LONDON — European stocks closed lower Tuesday as investors continued to monitor the rapid spread of coronavirus across the continent and digested a fresh round of major corporate earnings.
The pan-European Stoxx 600 closed 0.8% provisionally, with oil and gas stocks shedding more than 2% down 2% to lead losses. Tech shares struggled to claw back from their 7.4% plunge on Monday, down around 0.2% by Tuesday’s close.
European stocks struggled to recover from Monday’s sell-off as soaring global coronavirus cases, including in major European countries, and further delays to a potential U.S. stimulus bill hammered sentiment.
Stateside, House Speaker Nancy Pelosi has reiterated hopes that a deal with Treasury Secretary Steven Mnuchin on a new coronavirus relief bill is still possible before next Tuesday’s presidential election, but key differences remain and slow progress has put markets on edge.
New record rises in daily Covid-19 cases have been seen in the U.S., Russia and France in recent days, while the U.K. is set to extend its highest category alert to more cities and German Chancellor Angela Merkel has warned colleagues that Germany is on the verge of losing control of the virus, according to The Guardian.
There has, however, been some promising news on the vaccine front. British pharmaceutical giant AstraZeneca on Monday said its potential Covid-19 vaccine has produced a similar immune response in older and younger adults.

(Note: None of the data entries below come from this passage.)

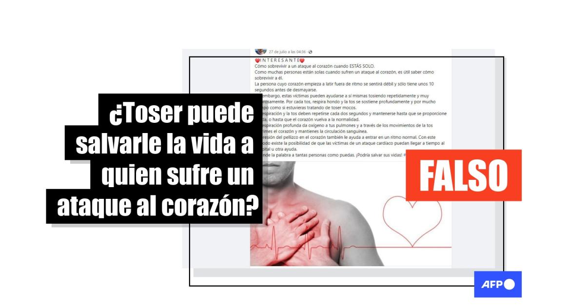 "La tos nunca ha sido eficaz para reducir un infarto o sus consecuencias, ni el riesgo subyacente de parada cardíaca", explicó el 25 de julio de 2022 al equipo de verificación de la AFP Nicolas Lamblin, jefe de cardiología de urgencias y cuidados intensivos del Hospital Universitario del Norte de Europa, CHU, en Lille, Francia. "En el caso de una parada cardíaca, la persona ha perdido totalmente la conciencia, por lo que en cualquier caso no puede oír, responder o toser", añadió.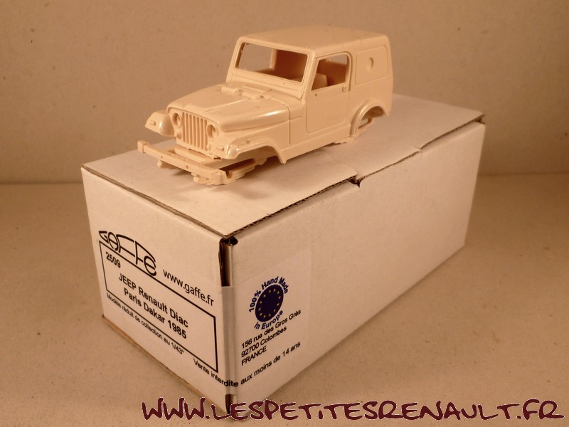 Modèle : Jeep CJ7 Année : 1985 Course : Paris-Dakar Equipage : #239 - Jacky et Gérard Bourgin Couleur : Jaune et blanc Echelle : 1/43 Fabricant : Gaffe Référence : 2509 Collection : Non Matière : Résine Série limité : Non Boitage : Boite carton Commentaires : -- |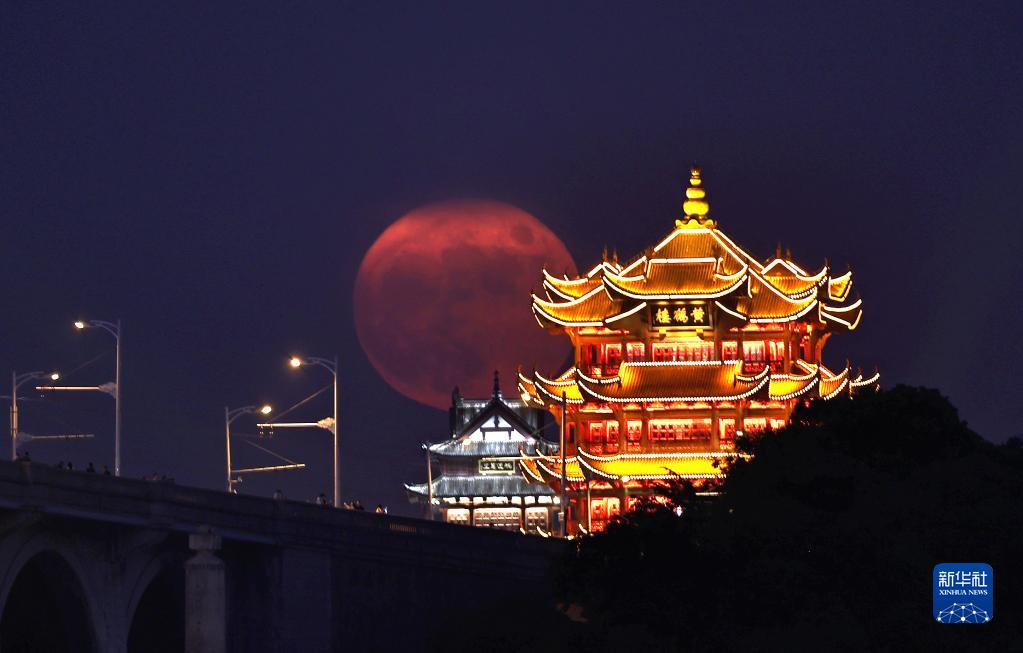 農歷八月十五中秋節,一輪圓月從湖北武漢黃鶴樓后升起(9月10日攝)。

The U.K. has warned that time is running out as the European Union’s top negotiator Michel Barnier travels to London to continue Brexit talks, with the two sides differing strongly on key issues in their bid to secure a new trading arrangement by year-end.

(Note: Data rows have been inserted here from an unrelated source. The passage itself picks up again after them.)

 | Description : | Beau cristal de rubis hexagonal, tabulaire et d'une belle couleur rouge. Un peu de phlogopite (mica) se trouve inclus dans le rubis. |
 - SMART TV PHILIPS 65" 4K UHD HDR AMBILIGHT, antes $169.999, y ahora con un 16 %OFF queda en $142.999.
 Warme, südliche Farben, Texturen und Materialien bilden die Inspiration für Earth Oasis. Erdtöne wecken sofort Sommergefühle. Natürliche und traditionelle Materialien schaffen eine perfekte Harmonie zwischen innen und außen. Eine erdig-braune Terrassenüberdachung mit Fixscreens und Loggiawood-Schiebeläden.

Santander on Tuesday projected an improvement of core profits for 2020 and reported a trebling of statutory net profit in the third quarter compared to a year ago. The Spanish lender’s shares climbed 1.5% by mid-afternoon trade, while HSBC’s London-listed shares added 4.3% following its convincing third-quarter profit beat.
Oil major BP reported a third-quarter underlying replacement cost profit, used as a proxy for net profit, of $100 million, compared with a loss of $6.7 billion in the second quarter and $2.3 billion profit for the third quarter of 2019. BP stock reversed course to trade 1.3% lower by the afternoon.